# 127834/1

 This page presents a novelty topic. It features ideas which are less likely to find practical applications in xenharmonic music. It may contain numbers that are impractically large, exceedingly complex or chosen arbitrarily. Novelty topics are often developed by a single person or a small group. As such, this page may also feature idiosyncratic terms, notations or conceptual frameworks.
 Ratio 127834/1 Subgroup monzo 2.7.23.397 [1 1 1 1⟩ Size in cents 20356.694¢ Names 127834th harmonic,29-wood major 119th Color name c16397o23oz9 FJS name $\text{P120}^{7,23,397}$ Special properties harmonic Tenney height (log2 nd) 16.9639 Weil height (log2 max(n, d)) 33.9278 Wilson height (sopfr (nd)) 429 Harmonic entropy(Shannon, $\sqrt{nd}$) ~0 bits open this interval in xen-calc

127834/1, the 127834th harmonic, or 29-wood supermajor 119th, is 16 octaves above 63917/32768. It is a part of 397-limit harmony, the 78th prime number.

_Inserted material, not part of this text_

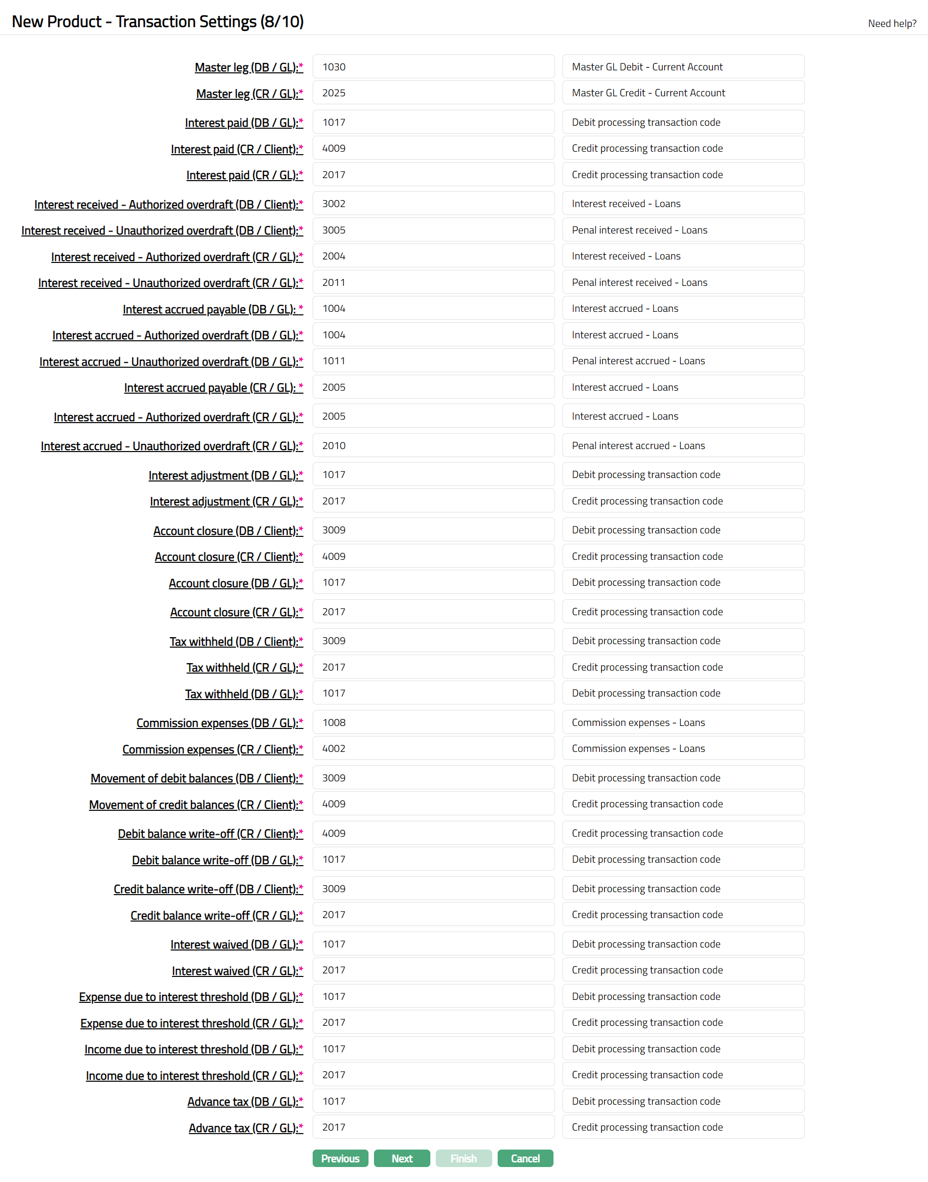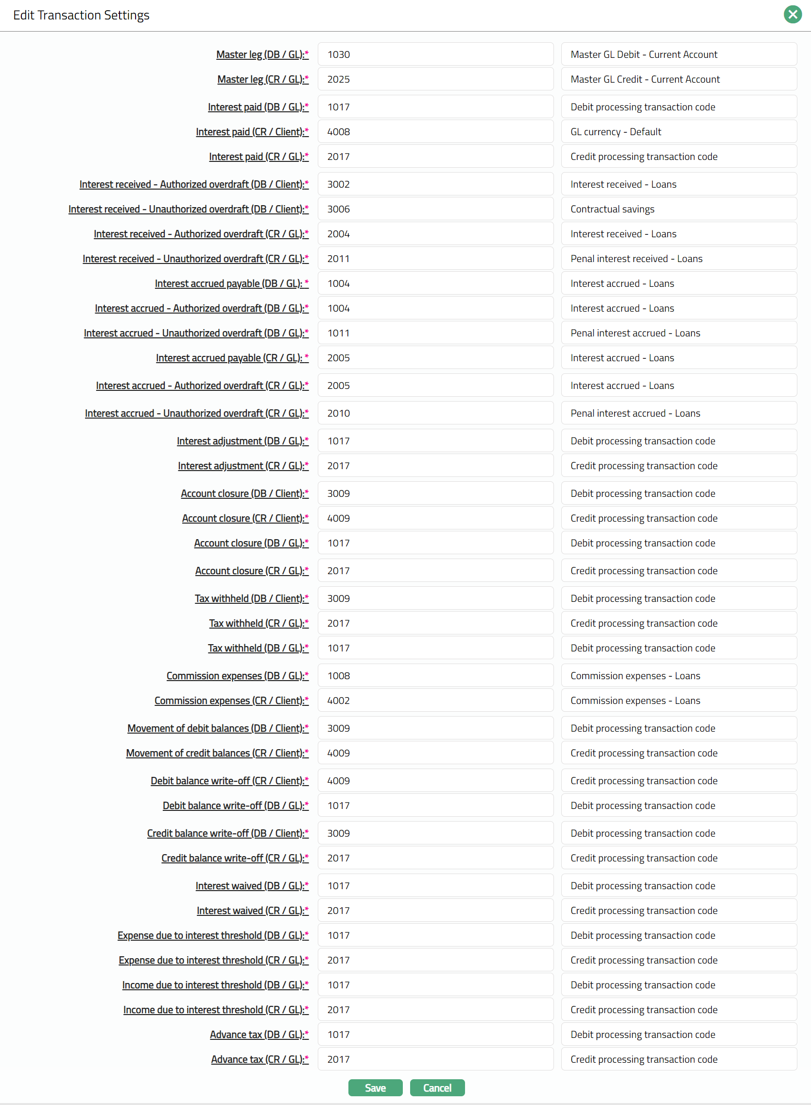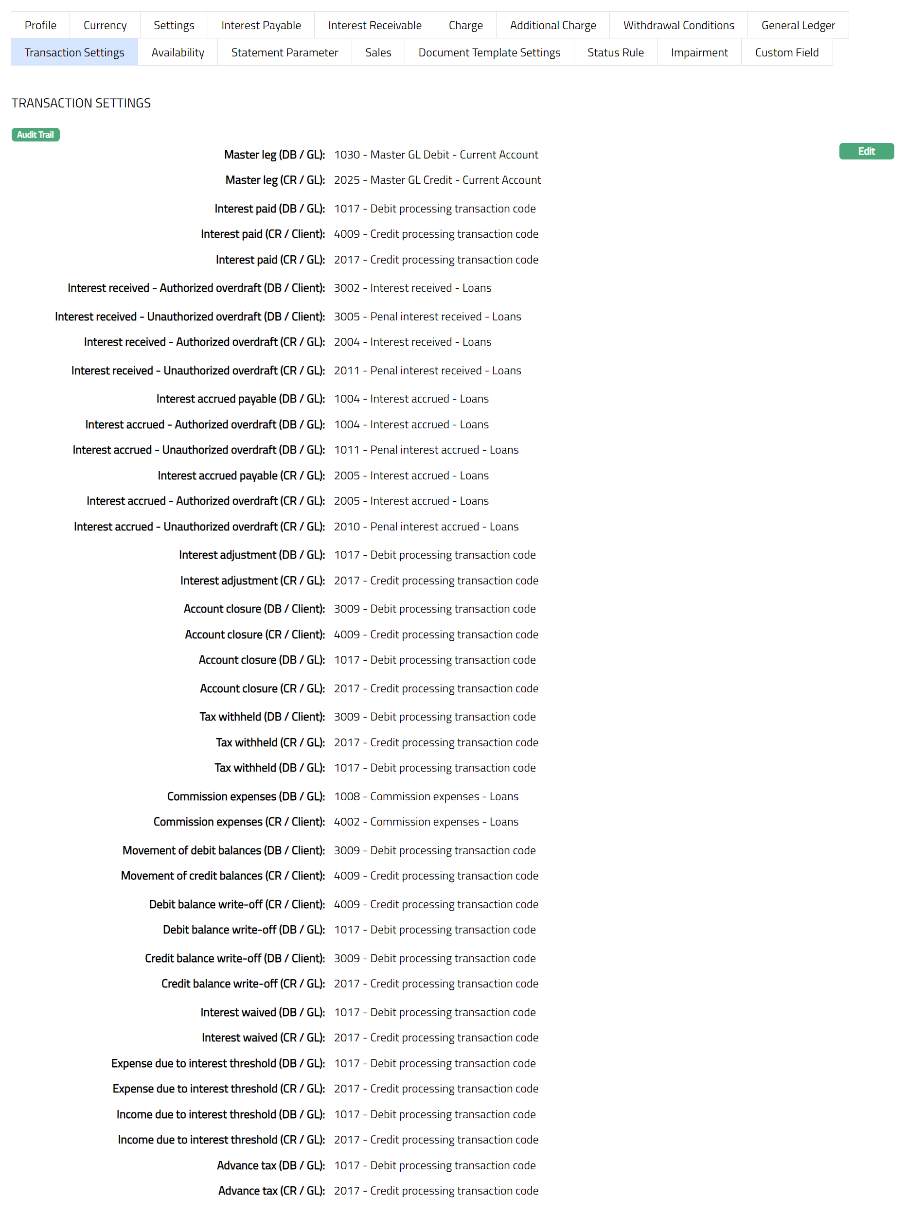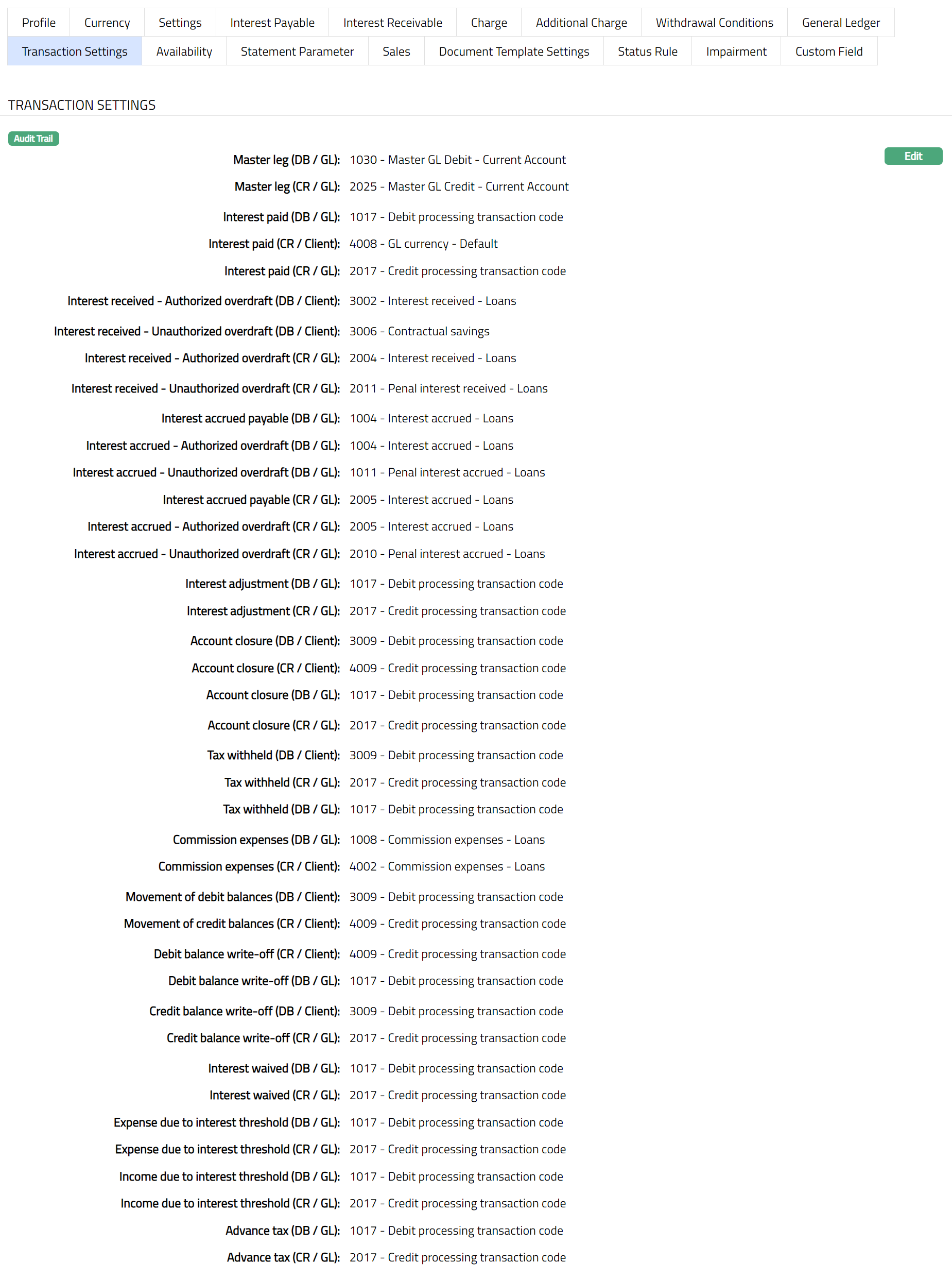 Transaction settings tab allows you to specify the transaction codes that are to be used for the various events in the life cycle of the Product. These transaction codes define what description / narration is used for the account postings / statements and may also be used to trigger other charges.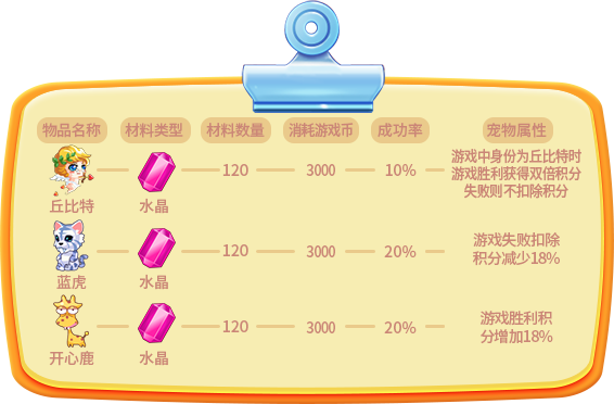 備注:通過(guò)“魔法石碎片”合成的“寵物”將在每次限時(shí)活動(dòng)中,展示其在合成時(shí)所需碎片、游戲幣數(shù)量及成功率,敬請(qǐng)關(guān)注!

The number appears in a sequence of fractional part of $1.5^n$ decreasing monotonically to zero, meaning the sequence offers progressively closer approximations to repeated stacks of 3/2. Indeed, this interval is close to a stack of perfect fifths by two parameters - both its fractional part decreases progressively, and it is also better than all the $1.5^k$ for $0\lt k\lt 29$. The difference between the stack of 29 perfect fifths and 127834/1, which is the 68630377364883/68630356164608 comma is 0.534 millicents, or 1 in 2.24 million parts of an octave.

## Equal divisions of the 127834/1

For practical purposes, 127834/1 is too complex and too large to be used as an equivalence interval, being over 100 times larger than the human hearing range.

## Trivia

Prime numbers 23 and 397, having indices 9 and 78, are 69 prime numbers apart. Nice.